--- What you have to do ---
Print exactly the lines below between the line containing "The Mel Contrast" and the line containing "2 US MINT 50 STATE QUARTER FDC'S (OK, PA)", counting both of those lines. Leave pictures out.

--- Data extract ---

---------------

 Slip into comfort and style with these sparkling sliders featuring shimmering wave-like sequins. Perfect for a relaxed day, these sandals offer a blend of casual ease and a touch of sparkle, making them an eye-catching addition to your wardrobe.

---------------

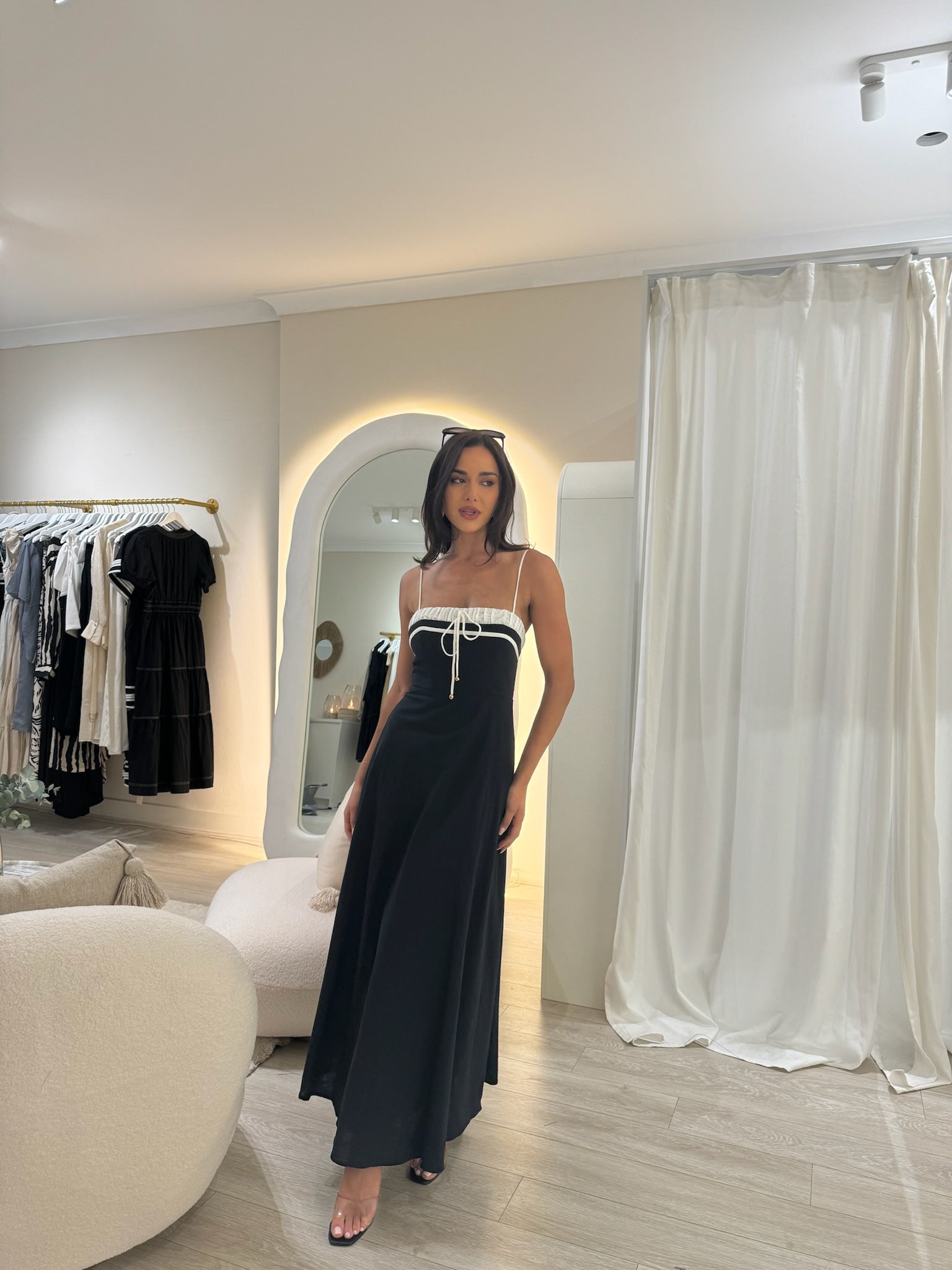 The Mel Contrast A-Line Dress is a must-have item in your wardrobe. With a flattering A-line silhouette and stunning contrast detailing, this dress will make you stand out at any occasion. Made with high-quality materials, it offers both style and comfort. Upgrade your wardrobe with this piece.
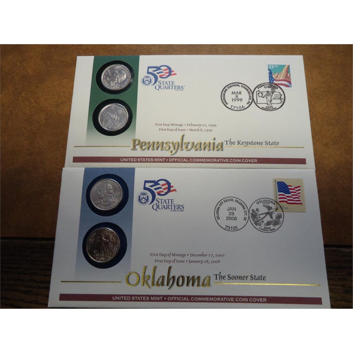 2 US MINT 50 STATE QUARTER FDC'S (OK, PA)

---------------

--- Problem solution ---
 The Mel Contrast A-Line Dress is a must-have item in your wardrobe. With a flattering A-line silhouette and stunning contrast detailing, this dress will make you stand out at any occasion. Made with high-quality materials, it offers both style and comfort. Upgrade your wardrobe with this piece.
 2 US MINT 50 STATE QUARTER FDC'S (OK, PA)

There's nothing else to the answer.